Но летом 1945-го, после следствия и приговора, Солженицын едва освоил тюремный ликбез. С начала августа из Бутырок его перевели на Красную Пресню, в битком набитую пересыльную тюрьму — столицу ГУЛАГа, центр общесоюзной зоны. «Обливались мы п'oтом от каждого движения, после еды просто лило. В камере, немного больше средней жилой комнаты, помещалось сто человек, сжаты были, ступить на пол ногой уже нельзя. А два маленьких окошка были загорожены намордниками из железных листов». Лёжа на грязном полу с поджатыми ногами или по-пластунски подползая к нижним нарам, Солженицын постигал кодекс чести зэка категории 58-10: не искать защиты у блатарей, когда урки-малолетки выхватывают из рук вещи и продукты, иначе призн'aешь над собой власть пахана; не улучшать своё положение за счёт товарища по несчастью, иначе — чем ты лучше урки?
Но как вязался этот кодекс с инстинктом выживания?

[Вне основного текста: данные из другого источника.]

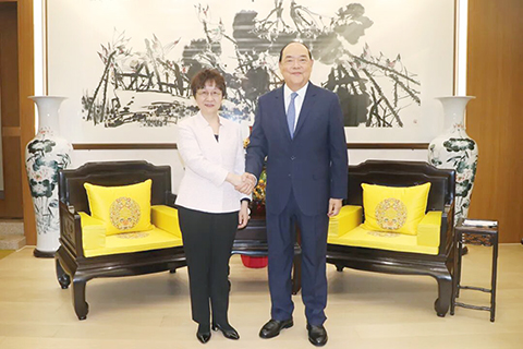 賀一誠歡迎卞立新來澳履新,積極評價公署涉澳外交工作,希望公署繼續為拓寬特區國際「朋友圈」、助力澳門經濟適度多元發展作出新的貢獻。◇

Настоящую лагерную науку Солженицын услышал от соседа по нарам, спецнарядника с жестоким и решительным выражением лица. «С усмешкой, как смотрят на двухнедельных щенят, смотрел он на наше первое барахтанье». Старожил объяснял несмышлёнышам, чт'o их ждет в лагере, и поучал: никому не верить, кроме себя; оглядываться, не подбирается ли кто укусить; усвоить, что ничего не делается даром, а главное — избегать
Признав уроки сурового лагерника резонными, Солженицын позже спросит себя, бывшего зэка (как спрашивал себя — офицера и командира): а где же мера цены, где её край? И каждый свой шаг будет поверять по самому строгому счету, и будет клеймить себя за все ошибки, просчёты, желания, намерения. Он расскажет, как летом 1945-го рвался добровольно из душных камер краснопресненской пересылки на работы к пристани Москвы-реки, где разгружался лес — за право целый день дышать воздухом, беспрепятственно пользоваться уборной, получить вечером лишних сто граммов хлеба. Но не простит себе, а выставит напоказ свое малодушие: «Когда нас там построили первый раз, и нарядчик пошёл вдоль строя выбрать глазами временных командиров — моё ничтожное сердце рвалось из-под шерстяной гимнастёрки: меня! меня! меня назначь. Меня не назначили. Да зачем я этого и хотел? Только бы наделал ещё позорных ошибок».
Меж тем пересыльная тюрьма имела для арестанта-новичка два важных плюса. Во-первых, давала время постепенно войти в лагерный и барачный быт. «В один шаг такого перехода не могло бы выдержать сердце человека. В этом мороке не могло бы так сразу разобраться его сознание». Во-вторых, здесь возникала иллюзия связи с домом.
В июле Наташа прилетела на две недели в Москву, поскольку теперь в столице соединилось всё самое важное в её жизни: тюрьма, где был Саня, и Московский университет, где был шанс поступить в аспирантуру. Своими глазами увидела крепостную стену, протянувшуюся на квартал по Новослободской улице, железные ворота Бутырок. Посылала передачи — продукты, бельё, полотенца… В справочном отделе МГБ на Кузнецком мосту ей разъяснили приговор и — удача! — дали разрешение переписываться. Уже в Ростове она получила «шифрованное» письмо от тёти Верони: «Шурочку видела только один раз. Она возвращалась со своими подругами с разгрузки дров на Москве-реке. Выглядит замечательно, загорелая, бодрая, весёлая, рот до ушей, зубы так и сверкают».
Своё первое письмо жене Солженицын-зэк отправил с Красной Пресни 5 августа, ровно через полгода после последнего фронтового. Четыре мелко исписанные, процарапанные бледным карандашам странички, сложенные в треугольник, а вслед за ним и ещё один, принесли, однако, не только радость, но и недоумение. «Я узнал, что ты жива, здорова и свободна», — восклицал он. «В начале переживал за тебя, очень опасался, что побеспокоили тебя. Хочется узнать, что этого не произошло». «Как он может так писать, — пугалась тёща. — Почему ты вдруг могла быть “несвободна”?» На этот вопрос Наташа отвечала по-разному, в разное время. Но тогда, в 45-м, ей было всё абсолютно понятно: письма, которые с фронта писал муж, не были сплошь невинны, ведь не только Коке, но и ей Саня сообщал про «войну после войны», про начало партийно-литературной борьбы, в которой не все члены пятёрки будут идти его путем.